The Numbers Behind the Risk

•    70% of people over 65 will need some form of long-term care1
•    $108,405 is the median annual cost of a private nursing home room2
•    $0 is covered by standard health insurance for custodial LTC3
•    47% of Medicaid LTC recipients had middle-class assets before their care event4

That last number is worth sitting with. Nearly half of the people relying on Medicaid for LTC weren’t in a difficult financial situation before they faced the challenge of LTC. In fact, most of them started out exactly like your employees — like you — working, saving, building something. And a single unplanned care event depleted their resources.

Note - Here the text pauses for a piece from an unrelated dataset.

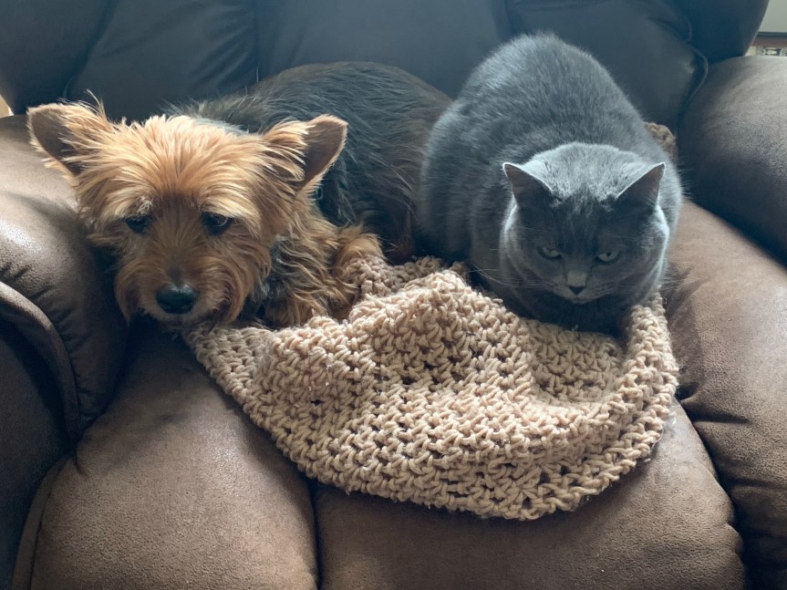 I absolutely love the costume!! Way too cute! So “Shady” Sadie [wonder where you got that name-lol] and the fur tribe are staying. Yep, they would be difficult to get rid of. Although, neither Scruffy nor Queen Kitty look very happy about the whole deal. Means they have to share you. Scruffy will faint, for sure. lol You, Crazy Cat Lady, you. 😻
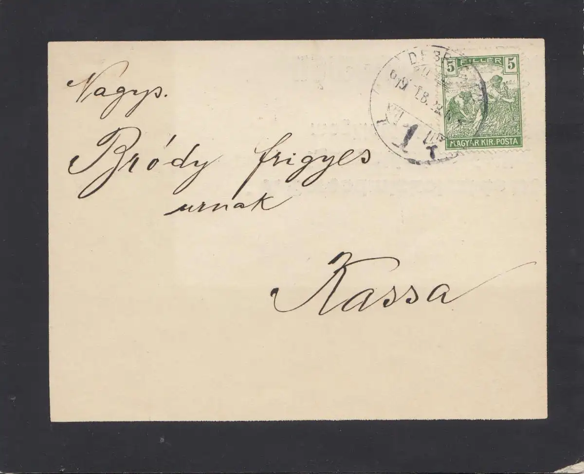 Hongrie: 1919: Lettre de deuil à la Cassa

What This Means for You and Your Clients

The hybrid life with LTC conversation is one of the highest-value, lowest-penetration opportunities in the group benefits space right now, yet most brokers haven’t added it to their voluntary stack. Most HR directors don’t know it exists in a group format, and most employees are unaware of the current care crisis.

That gap is an opportunity for you to lead with education rather than a product pitch. If you take the time to understand the Medicaid depletion story, the comparisons, and stories like Bob and Carol, your client won’t need to be sold — they’ll ask you how they can stay better informed. 

“The Default Plan costs nothing today — and everything later.
This plan costs something today — and protects everything later.”


1Most aging Americans will need long-term care in their lifetime. Loved ones often take on the labor and costs. CBS News. 2025.
2Calculate the cost of long-term care near you. CareScout. 2026.
3Long-term care coverage in Medicare Advantage: Why it likely is not enough. Milliman. 2025.
4How Long-Term Care Costs Drain the Middle Class and Deepen Intergenerational Wealth Inequality. Roosevelt Institute. 2026.